Our observations on the absorption of Si from solid foods are also interesting. Si occurs in the plant-based aspect of the diet and is referred to as phytolithic silica. As preliminary evidence has suggested, this phytolithic silica is not a single entity (i.e. a single Si species), but may mirror the complex situation with supplements described above (i.e. a mixture of different species). The absorption of Si from bananas was very poor, as previously reported by us(7), and so it is likely that this is a well-polymerised form of Si that cannot be efficiently hydrolysed in the gut. In contrast, Si is well absorbed from green beans, again, confirming our previous report(7), and this therefore must be in a much more labile form that is easily dissolved in the gastrointestinal tract. Thus, in epidemiological studies it will be important to dissect out which Si-containing foods behave like bananas and which like green beans, so that a weighting can be applied for bioavailability. It may well be that bananas are the exception for high-Si-containing foods because in a small study all other high-Si-containing foods behaved like green beans in providing on average about 40 % absorbable Si(7). Nonetheless, further work could confirm this.
The kinetics of Si absorption were also studied. In the main, kinetics were in keeping with total absorption such that those foods requiring hydrolysis in the gut before absorption were slow to reach peak serum Si levels (i.e. magnesium trisilicate BP, colloidal silica and ChOSA) compared with monomeric forms of Si. Interestingly, Si from MMST was very rapidly absorbed and presumably is related to the organic moiety, which may allow rapid penetration of the intestinal mucosa by the molecule. The observation that Si from green beans is rapidly absorbed is also of interest; the chemical speciation of Si in this food should be undertaken.

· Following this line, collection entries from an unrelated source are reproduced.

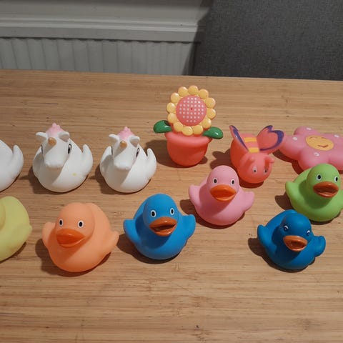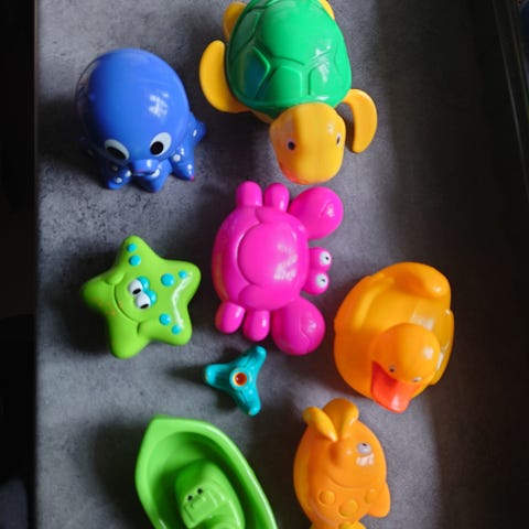 Myydään hyväkuntoinen kylpylelu, jossa vipua kääntämällä nalle ui.
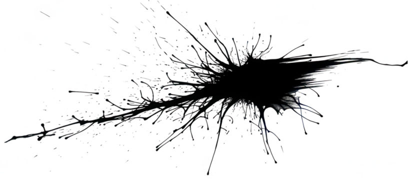 Explosive black ink splatter spreading aggressively across a wide horizontal surface with thin long streaking trails
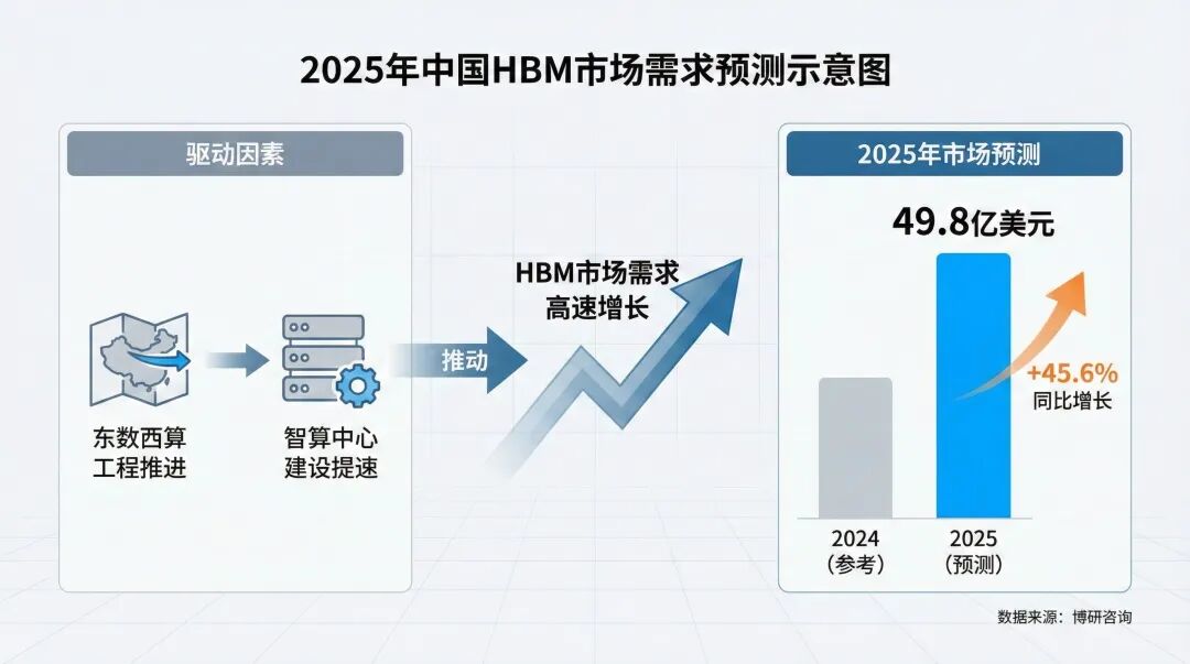 根据博研咨询的数据,随着中国东数西算工程推进和各地智算中心建设提速,预计2025年中国HBM市场需求将继续保持高速增长,市场规模有望达到49.8亿美元,同比增长45.6%。
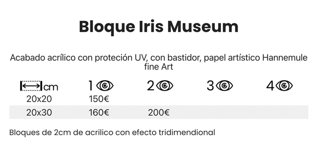 Acabado exclusivo diseñado por el equipo de Iris Colors, combina papeles artísticos Hannemule o ilford Galerie, en metallic, pearl o photo rag, con impresión en tintas pigmentadas, con un siliconado ultracristalino sobre Acrylico museo de 4mm y un bastidor trasero para dejar la foto sobre elevada, este acabado tiene una garantía de 100 años de durabilidad sobre los pigmentos.

The final aspect of the work shown here is that in vitro dissolution probably provides a good guide to the relative absorption for Si in vivo. It does not provide absolute absorption, as it cannot completely model or mimic in vivo conditions. Further work should confirm this, but if this were the case, then provision of a database for dietary Si levels and how they relate to Si absorption could well be achieved by modelling in vitro data with limited supporting in vivo data.

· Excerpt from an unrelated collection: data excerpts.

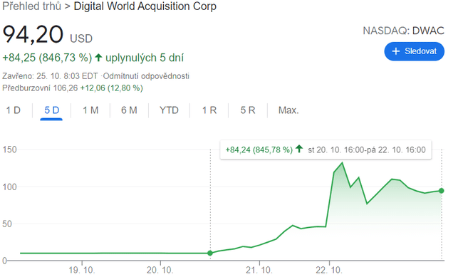 Tato předběžná dohoda zatím akciím DWAC velmi prospívá, jak se v posledních 5 dnech ukázalo...
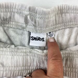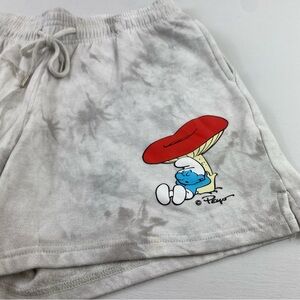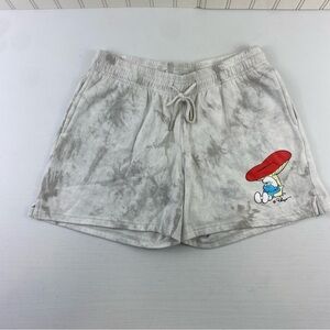 Smurf Women’s Marbled Gray Elastic Waistband Graphic Design Athletic Shorts Sz M
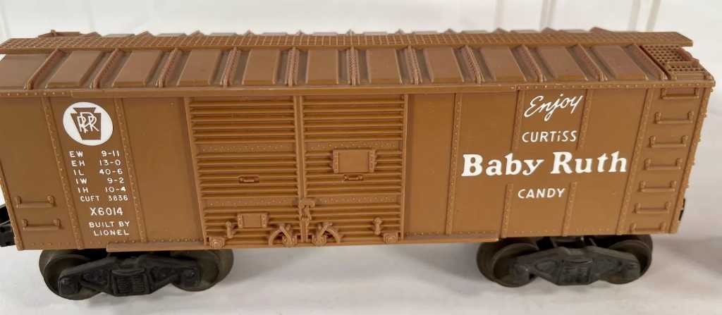 The baby ruth car seems to be unpainted brown plastic. Collectors call these weird cars "Boy's Train Cars," but they are probably just samples or test shots.

S. S. was sponsored by a studentship from the Government of Thailand and R. J. by a Fellowship from The Frances and Augustus Newman Foundation. The Wellcome Trust funded the ICPOES facility and the charitable foundation of The Institute and Guild of Brewing provides running costs for some of the Si research programme (R. J., J. J. P. and R. P. H. T.).
J. J. P. has consulted on several Si supplements. All other authors have no conflict of interest.